Data items:
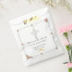 El diseño presenta la imagen suave de un crucifijo en el centro. El mensaje de agradecimiento de tu personalizable, además de los nombres de Bride y Groom y la fecha del boda, se muestran en un elegante tipo de letra Nuptial de color plateado justo debajo. La pequeña imagen de rosas rosadas adorna el borde. Diseñado para coordinar con la "Suite Rosa Nupcial Boda Católica Tradicional".
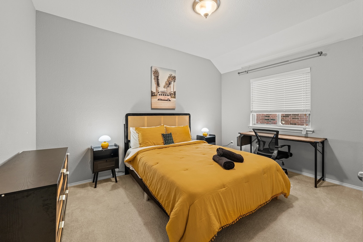 Entrada privada a la puerta principal, “baño no compartido” cómodo de 1 dormitorio, 1 baño en la parte delantera de la casa, la segunda habitación estará 🔒 durante tu estadía. Este espacio está bajo el mismo techo, separado del lado del anfitrión por puertas francesas cerradas con llave cubiertas con cortinas que brindan a los huéspedes total privacidad. El anfitrión utilizará la entrada del callejón trasero / garaje durante tu estancia. • Un dormitorio: con cama doble. • Cocina/fregadero • 1 baño. • Llegada autónoma • Aparcamiento en la calle justo enfrente de la casa • Mini split.
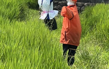 児童館の子どもたちが「かかし」を作ってくれました。 鳥や動物が作物を荒らすのを防ぐためにたてられる「かかし」が、 安倉会館北西側の田んぼに登場しています。 児童館の子ども達が一生懸命作った「かかし」が稲穂の豊作を見守って…
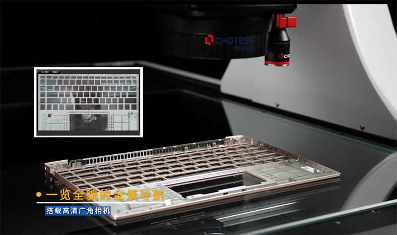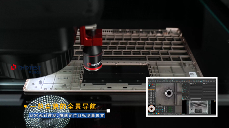 影像仪产品内置高精度光学电动双倍镜头,不仅可以清晰、准确地观测微小的产品特征,还满足高精度的产品尺寸测量需求。但是,对初学者而言,他们将面临视野小、难以快速定位产品特征的问题,从而影响产品的测量效率。Novator系列影像仪在镜头端配备高清广角镜头,可以清晰地观察产品的整体形状,支持实时图像和图片两种成像导航方式,可以更好地观察整个样品,实现产品的快速定位和精确测量,提高测量效率。
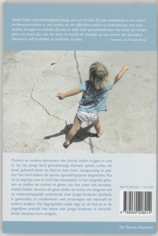 Ouders en opvoeders die inzicht willen krijgen in wat er bij het jonge kind gevoelsmatig allemaal speelt, zullen dit boek geboeid lezen en daarna met meer ontspanning en plezier het kind tijdens de eerste opvoedingsjaren begeleiden. Pas als je begrijpt wat er zoal kan meespelen, is het mogelijk grenzen te stellen en ruimte te geven aan het uiten van emoties. Aletha Solter verstaat als geen ander de kunst om datgene wat na wetenschappelijk onderzoek over jonge kinderen duidelijk is geworden, te combineren met ervaringen van haarzelf en andere ouders. Op begrijpelijke wijze legt zij uit hoe je in de dagelijkse praktijk het beste met jonge kinderen in verschillende situaties kunt omgaan.
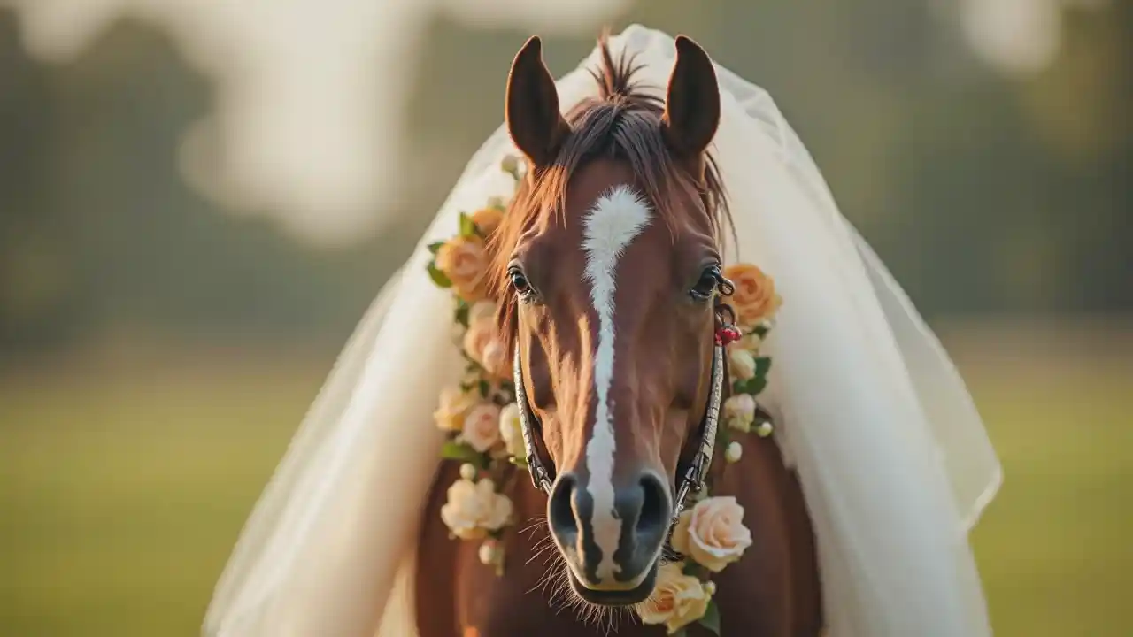 picha ya farasi mwenye furaha akiwa na pazia la arusi
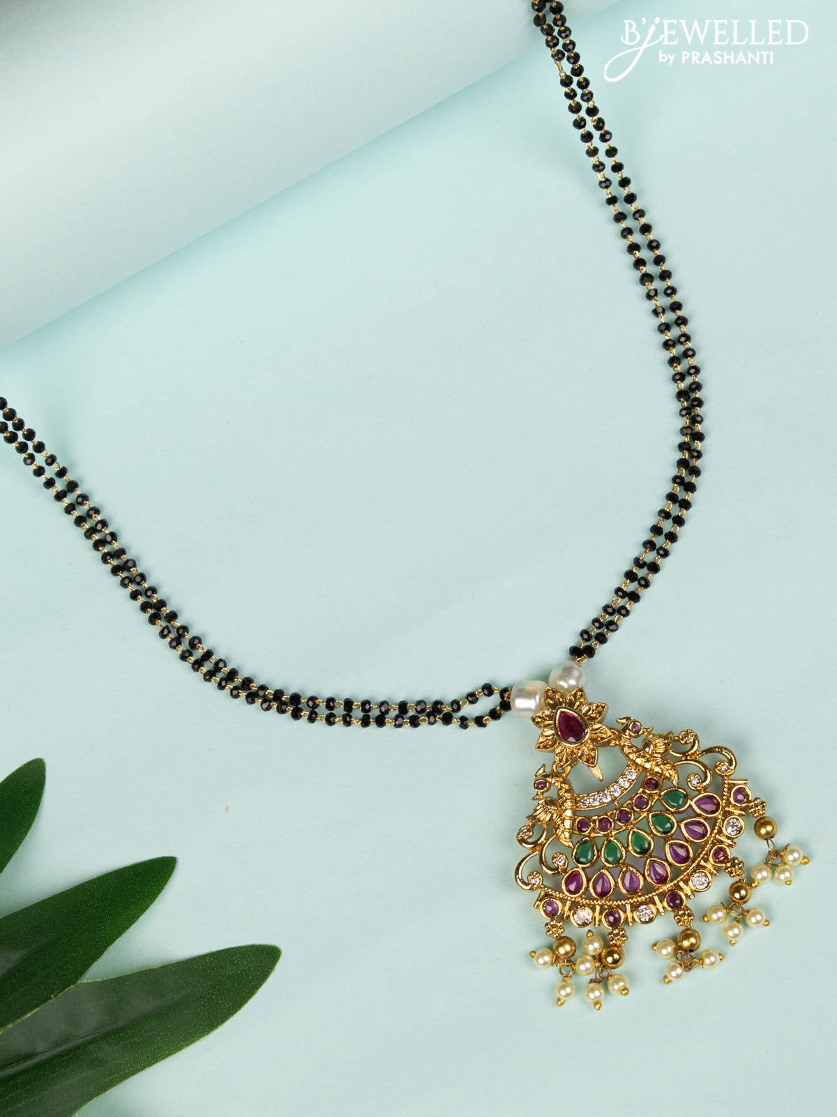 Mangalsutra double layer with kemp & cz stones and pearl hangings without earring
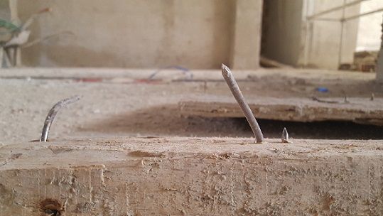 Yerde alenen ortalığa saçılmış tahta parçalarında bulunan çiviler iş kazası yönünden büyük tehdit oluşturmakta. Bu durum da neredeyse tüm inşaatlarda karşımıza çıkan ihmallerden biri.

ABOUT THIS TASK. Copy out the data above exactly, except the pictures.

WRITTEN ANSWER.
 El diseño presenta la imagen suave de un crucifijo en el centro. El mensaje de agradecimiento de tu personalizable, además de los nombres de Bride y Groom y la fecha del boda, se muestran en un elegante tipo de letra Nuptial de color plateado justo debajo. La pequeña imagen de rosas rosadas adorna el borde. Diseñado para coordinar con la "Suite Rosa Nupcial Boda Católica Tradicional".
 Entrada privada a la puerta principal, “baño no compartido” cómodo de 1 dormitorio, 1 baño en la parte delantera de la casa, la segunda habitación estará 🔒 durante tu estadía. Este espacio está bajo el mismo techo, separado del lado del anfitrión por puertas francesas cerradas con llave cubiertas con cortinas que brindan a los huéspedes total privacidad. El anfitrión utilizará la entrada del callejón trasero / garaje durante tu estancia. • Un dormitorio: con cama doble. • Cocina/fregadero • 1 baño. • Llegada autónoma • Aparcamiento en la calle justo enfrente de la casa • Mini split.
 児童館の子どもたちが「かかし」を作ってくれました。 鳥や動物が作物を荒らすのを防ぐためにたてられる「かかし」が、 安倉会館北西側の田んぼに登場しています。 児童館の子ども達が一生懸命作った「かかし」が稲穂の豊作を見守って…
 影像仪产品内置高精度光学电动双倍镜头,不仅可以清晰、准确地观测微小的产品特征,还满足高精度的产品尺寸测量需求。但是,对初学者而言,他们将面临视野小、难以快速定位产品特征的问题,从而影响产品的测量效率。Novator系列影像仪在镜头端配备高清广角镜头,可以清晰地观察产品的整体形状,支持实时图像和图片两种成像导航方式,可以更好地观察整个样品,实现产品的快速定位和精确测量,提高测量效率。
 Ouders en opvoeders die inzicht willen krijgen in wat er bij het jonge kind gevoelsmatig allemaal speelt, zullen dit boek geboeid lezen en daarna met meer ontspanning en plezier het kind tijdens de eerste opvoedingsjaren begeleiden. Pas als je begrijpt wat er zoal kan meespelen, is het mogelijk grenzen te stellen en ruimte te geven aan het uiten van emoties. Aletha Solter verstaat als geen ander de kunst om datgene wat na wetenschappelijk onderzoek over jonge kinderen duidelijk is geworden, te combineren met ervaringen van haarzelf en andere ouders. Op begrijpelijke wijze legt zij uit hoe je in de dagelijkse praktijk het beste met jonge kinderen in verschillende situaties kunt omgaan.
 picha ya farasi mwenye furaha akiwa na pazia la arusi
 Mangalsutra double layer with kemp & cz stones and pearl hangings without earring
 Yerde alenen ortalığa saçılmış tahta parçalarında bulunan çiviler iş kazası yönünden büyük tehdit oluşturmakta. Bu durum da neredeyse tüm inşaatlarda karşımıza çıkan ihmallerden biri.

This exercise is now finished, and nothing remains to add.